Detuning Choice Solves Quantum MIS and MWIS Problems on Graphs up to 30 Qubits

The challenge of solving complex optimisation problems, such as finding the Maximum Weighted Independent Set and its quantum counterpart, frequently encounters limitations when implemented on current quantum hardware. Sem Saada Khelkhal and Louis Barcikowsky tackle this issue by introducing a novel computational method based on carefully controlling the ‘detuning’ of qubits, effectively minimising unwanted interactions in complex networks. This approach allows for more reliable calculations on asymmetric graphs, even with the constraints of limited qubit numbers and other hardware restrictions present in systems like those developed by Pasqal. By proposing three distinct variants, ranging from theoretical models to implementations suitable for today’s technology, the researchers demonstrate a pathway towards achieving realistic and transferable performance on quantum processors with up to thirty qubits, representing a significant step towards practical quantum optimisation.

The research focuses on mapping these problems onto quantum hardware and employing quantum computation to find approximate solutions, comparing methods such as local detuning, diagonal modulation, and global detuning. Results demonstrate high probabilities of measuring an independent set, suggesting these methods effectively identify large sets, though not always the absolute maximum. For MWIS, the team assessed both success probability and optimality ratio, showing that even when an exact solution isn’t found, the results often closely approximate the optimum.

While high MIS probabilities indicate reliable identification of large independent sets, achieving the absolute maximum remains a challenge. Local detuning and diagonal modulation consistently perform well, often achieving the highest probabilities and ratios, though performance is heavily dependent on the specific graph instance, a common characteristic of combinatorial optimization. This work directly confronts limitations imposed by current hardware, including qubit number, control parameter bounds, sequence durations, confinement space, minimum interatomic distances, and unwanted interactions between atoms. To achieve results compatible with existing technology, the team focused on asymmetric graphs, scaling their methods to systems of up to 30 qubits, and engineered three distinct approaches to detuning calculation, each tailored to different levels of hardware maturity. The first approach, a theoretical local-detuning method, treats each atom individually to establish a baseline for performance.

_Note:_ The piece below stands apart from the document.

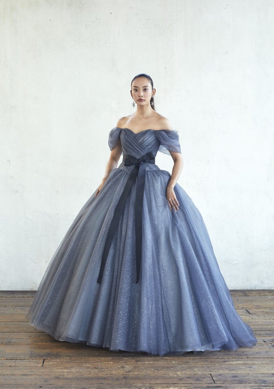 人気オリジナルドレスに、きらめきを加え衣装スペシャリストチーム全店アンケートを募り、人気の3カラーで製作。ラメのきらめきがエレガントな印象のワインレッド。誰とも被らない感度の高い花嫁さまに人気のくすみグリーン。花嫁さまに絶大な人気を誇るグレー。濃淡が大きく異なるカラーを重ねることで生み出される透け感が印象的な一着。

Building on this foundation, scientists introduced Detuning Map Modulation (DMM), which closely approximates the theoretical model while considering near-term feasibility. Finally, the team developed a global-pulse implementation, utilizing frequency shifts to create a method directly applicable to current hardware, even under stricter conditions. The research team developed a new detuning computation method that mitigates unwanted interactions in asymmetric graphs, achieving results directly compatible with current hardware. Three distinct approaches were introduced, each tailored to different levels of hardware maturity, and thoroughly evaluated on Pasqal’s emulators for graphs containing up to 30 qubits. The team’s innovative detuning method addresses the issue of unwanted interactions, which typically distort outcomes in asymmetric graphs, by proposing three complementary strategies.

A speculative local-detuning approach demonstrated the application of pure theory, while Detuning Map Modulation (DMM) closely approximated the theoretical framework with a view toward future implementation. Crucially, a global-pulse implementation, directly applicable with current technology, delivered good results under stricter conditions. The team addressed the practical limitations of current hardware, including qubit number, operational constraints, and unwanted interactions between qubits, by developing a new detuning computation technique. This approach balances theoretical accuracy with the demands of experimental implementation, offering a pathway towards solving complex combinatorial problems using analog quantum processing units, and introduced three variations of this detuning method, tailored to different stages of technological development. Simulations, performed on hardware emulators with asymmetric graphs of up to 30 qubits, demonstrated the relevance of their approach while adhering to realistic instrumental limitations, suggesting a viable path for utilizing near-term quantum devices to tackle challenging optimization problems.